EXERCISE GOAL: Look below for the line that contains "Ausgeschnittenes Blech wird" and the line that contains "邱芳芳和前中国女足主帅布鲁诺。 图片来源:邱芳芳微博", then restate both of them and every line in between, exactly. No picture goes in the copy.

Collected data
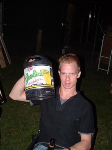 aan waar nog meer gaten moeten komen. We graven een kuil en donderstralen die ton erin. Zand erover en er is niets meer aan de hand. Nu
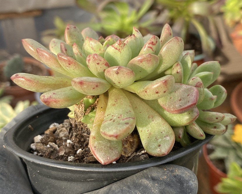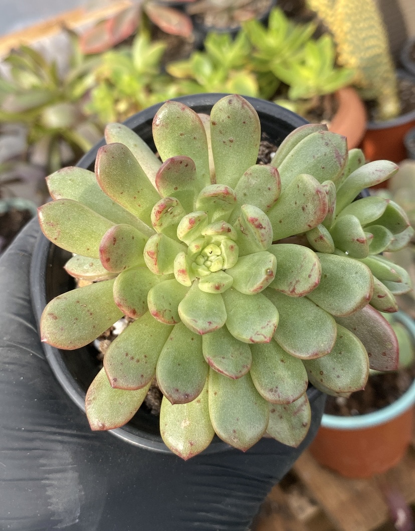 Η Echeveria τυπου sp. είναι παχύφυτο με συμμετρική ροζέτα και σαρκώδη φύλλα, ιδιαίτερα αγαπητό για την καθαρή γραμμή και την ανθεκτικότητά του. Αγαπά το άφθονο φως και χρειάζεται αραιό πότισμα, μόνο όταν το χώμα στεγνώνει πλήρως. Είναι εύκολο στη φροντίδα και ιδανικό για φωτεινούς εσωτερικούς χώρους ή προστατευμένο μπαλκόνι.
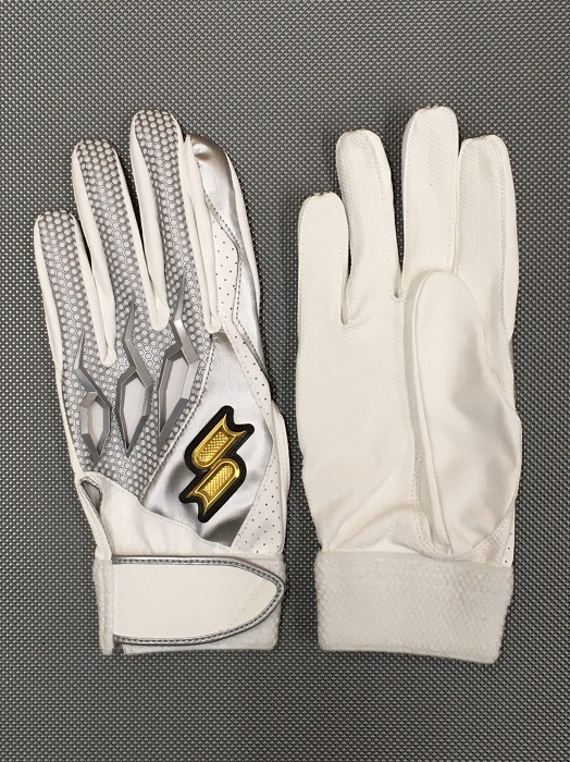 合成皮革の裏側に滑り止め加工を施し、手の滑りが緩和され、一体感が増しました。ハイグリップタイヤの溝をモチーフにしたエンボスパターンを掌部に採用。 手とバットの密着感を高め、グリップ力を生み出します。
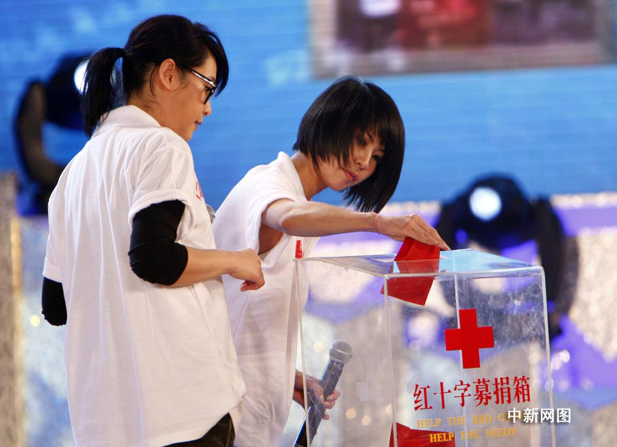 “跨越海峽的愛心”——大陸同胞援助臺灣“莫拉克”臺風(fēng)受災(zāi)同胞賑災(zāi)晚會在北京舉行。眾多文體界明星在現(xiàn)場亮相,獻(xiàn)出一片愛心。圖為劉若英、許茹蕓在晚會現(xiàn)場捐款。 中新社發(fā) 杜洋 攝
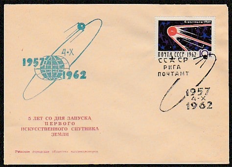 Конверт со СГ. 5 лет со дня запуска I искусственного спутника Земли, 04.10.1962 год, Рига, почтамт.
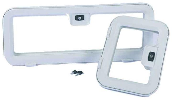 Ausgeschnittenes Blech wird in den Klappenrahmen eingesetzt. Optisches Erscheinungsbild des Fahrzeuges bleibt erhalten. Innerer Kunststoffrahmen schafft guten Übergang zum Innenraum. Stabiles Schloß mit 2 Sicherheitsschlüsseln. Für alle Wandstärken. *zum Ausschnittmaß ringsum 2 mm für den Rahmen hinzurechnen.
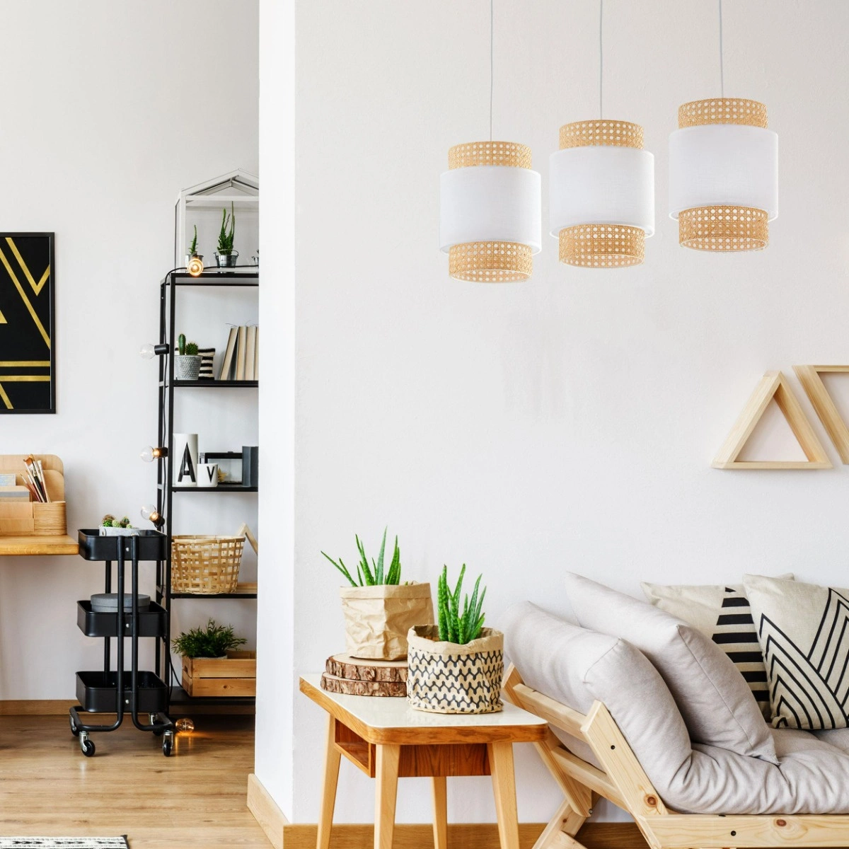 Lampa Sufitowa Wisząca BOHO WHITE Listwa Rattanowa Biała Styl Boho 3xE27 6531 TK Lighting
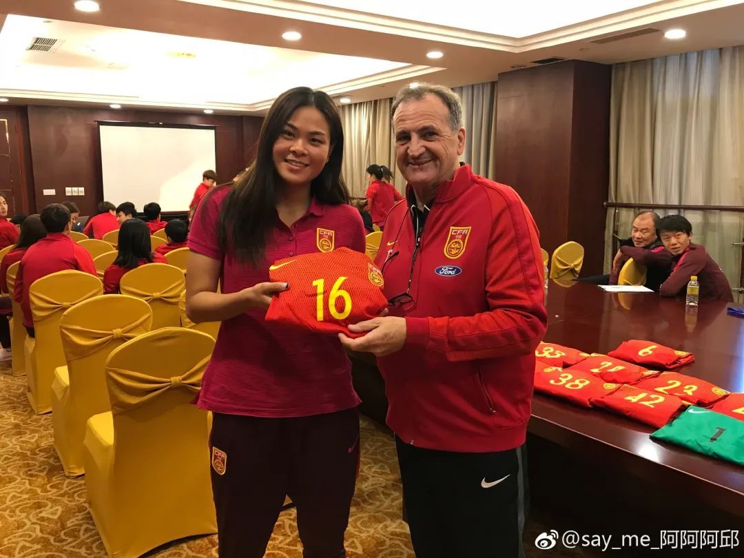 邱芳芳和前中国女足主帅布鲁诺。 图片来源:邱芳芳微博
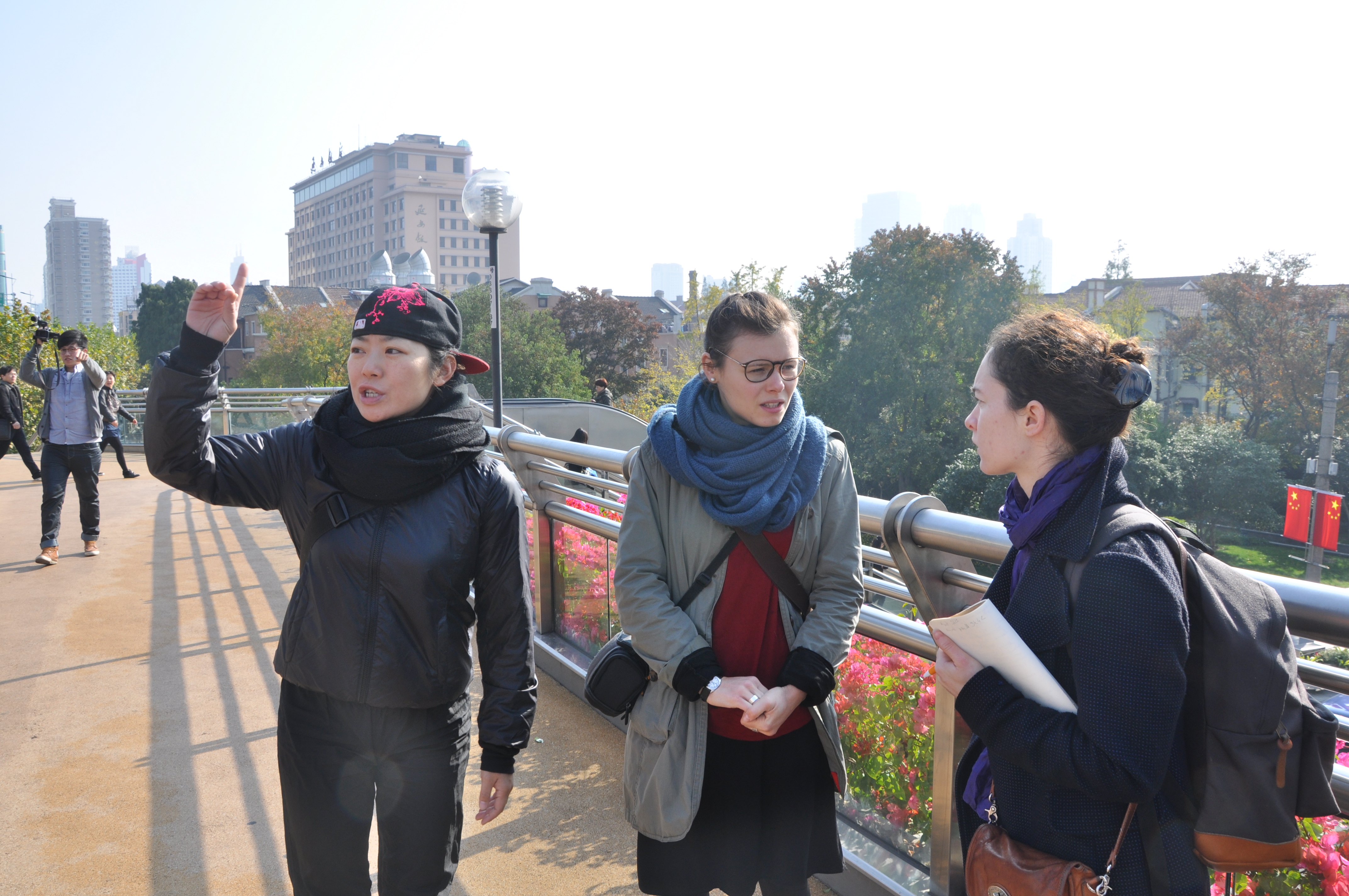 周六与周日的课程,我们多数时间是在我们即将演出的静安寺附近和排练厅度过的。周六上午,我们从公司沿着延安高架走到了静安公园,最后到达了与古希腊剧院非常相似的伊美广场。沿途中,老师教我们感受身边的一切,感受洒水车开过的声音,感受静安公园老年人的活力。我们似乎放下了一切的包袱,此时,我们只是我们这个独立的个体,我们用自己身体的每一个部分去感受这个世界,去感受古希腊戏剧边走边唱边演的形式。而周六下午和周日在形体房的课程,则是让我们开心至极,我们跟着老师做一系列的游戏,感受演员在舞台上与观众的关系,感受我们的身体的变化,这个时候,时间似乎是奢侈品,在我们大笑的时候,偷偷溜走了。
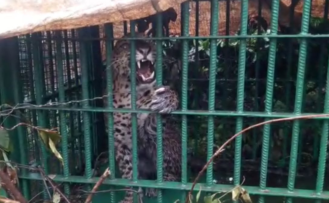 চৰাইদেউৰ পৰা সুৰেণ বুঢ়াগোঁহাই, সংবাদ ৩৬৫, ৩ জুন : চৰাইদেউ জিলাৰ সাপেখাতীত পিঞ্জৰাবদ্ধ নাহৰফুটুকী বাঘ। সোণাৰি সমষ্টিৰ বিধায়িকা নৱনীতা সন্দিকৈৰ চাহ বাগিচাত পিঞ্জৰাৱদ্ধ এটা নাহৰফুটুকী বাঘ। নাহৰফুটুকী বাঘটোক চাবলৈ বাগিচাখনত ৰাইজৰ ভিৰ।
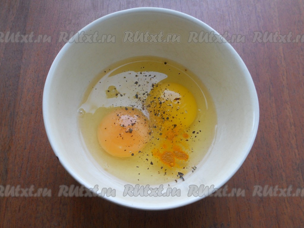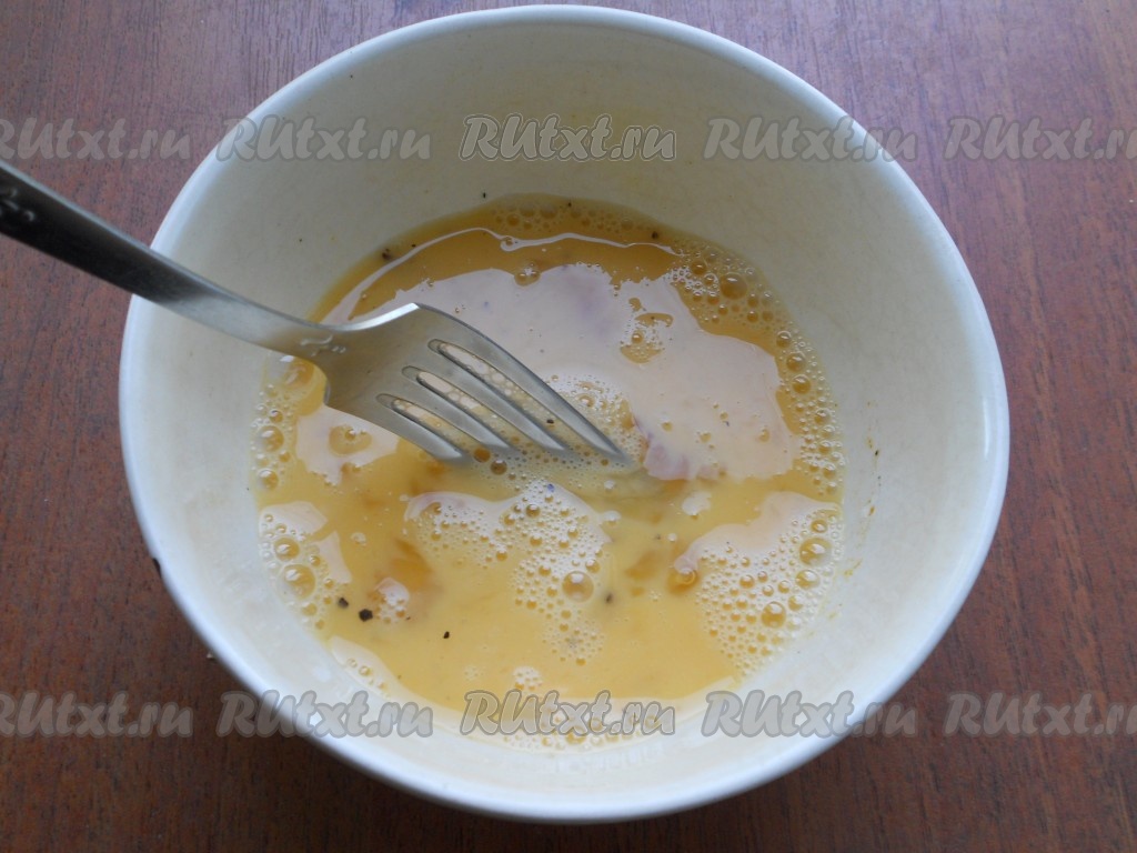 В сковороду к готовым овощам добавить обжаренный хлеб и залить все это яйцами.

EXERCISE ANSWER:
 Ausgeschnittenes Blech wird in den Klappenrahmen eingesetzt. Optisches Erscheinungsbild des Fahrzeuges bleibt erhalten. Innerer Kunststoffrahmen schafft guten Übergang zum Innenraum. Stabiles Schloß mit 2 Sicherheitsschlüsseln. Für alle Wandstärken. *zum Ausschnittmaß ringsum 2 mm für den Rahmen hinzurechnen.
 Lampa Sufitowa Wisząca BOHO WHITE Listwa Rattanowa Biała Styl Boho 3xE27 6531 TK Lighting
 邱芳芳和前中国女足主帅布鲁诺。 图片来源:邱芳芳微博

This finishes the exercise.